Core Issues for Apple in the New Year

For Apple, 1996 was the corporate equivalent of a system crash and restart. A year ago, the papers were rife with rumors of who would buy Apple for a fire-sale price before the company went down in flames, as did a couple of batteries in its PowerBooks.

As usual, rumors of Apple's demise proved premature. Defying naysayers yet again, Apple is making it to 1997 with a modest head of steam--a small third-quarter profit, optimistic holiday sales reports and the return of the prodigal son, Steve Jobs. The worst may not be over, but credit Apple with four key moves this year:

* Adult supervision returned in the form of CEO Gilbert Amelio, who unlike his predecessor seems to understand how to run a big company.

* Most Macs became price-competitive with Windows machines.

* Macs got faster. They now perform as fast or faster than comparably priced Intel-based boxes and should keep pace--or set the pace--in 1997.

* Apple discovered the Internet, making every new Mac more Internet-friendly than a Windows computer.

Still, the new year begs for soul-searching. That's not Apple's strong suit, so I've taken the liberty of doing it for them. Here are four things the company must focus on in 1997:

Fix the OS mess.

In case you have a life and haven't spent the entire year tracking Apple's travails: The Mac OS lacks certain modern features that it must offer soon. Those include the ability to do several jobs (such as send e-mail, print and recalculate a spreadsheet) simultaneously without a performance hit, and the ability to protect the OS from crashing when a single application hangs.

Apple's engineering corps, beset by defections, doesn't have a clue how to fix things. Enter the brilliant but unpredictable Jobs. With the recent announcement that Apple will acquire his Next Computer, and with it a more modern OS that features some of what the Mac OS lacks, hope springs anew.
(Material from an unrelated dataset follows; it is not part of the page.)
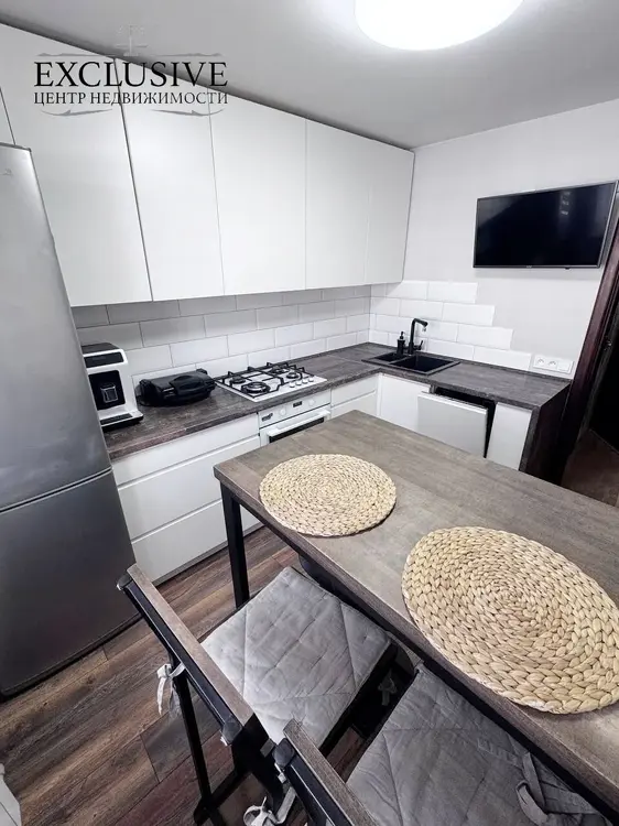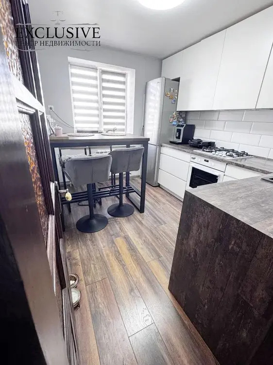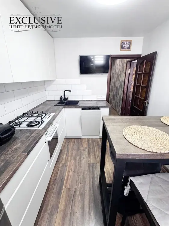 На полу во всей квартире ламинат, натяжные потолки, качественные обои. Современная встроенная кухня с духовным шкафом и посудомойкой.

Now that Apple has new technology, it should offer a realistic time frame for revamping the Mac OS, devote the resources required to meet that deadline, then announce the plan publicly. Honesty for a change--what a concept.

What if engineers or executives suffer from Apple's rampant not-invented-here syndrome and resist integrating Next technology and whatever else Apple must buy to keep the Mac current? Fire them. If not, they'll kill the Mac.

Find some big cloners.

Apple needs at least two companies among the top 15 PC makers or one in the top five to announce that they will sell Mac clones by June. A Compaq or Gateway might make software developers believe in the Mac again.

Along these lines, in 1996 Apple devoted $20 million to developer support. If Amelio really wants to stop developer desertions, he'll spend $50 million in 1997.

Let Claris be Claris.

Claris, Apple's sensationally successful software company, has proved that it can steamroll the competition. Mac and Windows versions of its Home Page, FileMaker and Emailer products put the competition to shame. In short, Claris, like its superb all-in-one productivity program, Works. So instead of making Claris support ill-considered ventures that spread Apple too thin, let it spend its vast profit to build new products, grow and demonstrate that Apple has a clue about how to survive as a software company.

Hold onto the schools.

Years ago Apple donated thousands of computers to schools, engendering deep loyalty among teachers, grabbing a dominant market share and leading millions of students to become Mac fanatics. To stay strong in the schools Apple needs a new initiative. I call it "Kids First 2000."

Apple should give away 2,000 Macs--including an Internet server for every 20 desktop models--to public schools every month between now and 2000. It should throw in a geek SWAT team to wire 2,000 schools, and build technologies designed to help schools administer Web activities.

Apple management has never been stupid, just scattered between too many priorities. No time like the new year to choose survival.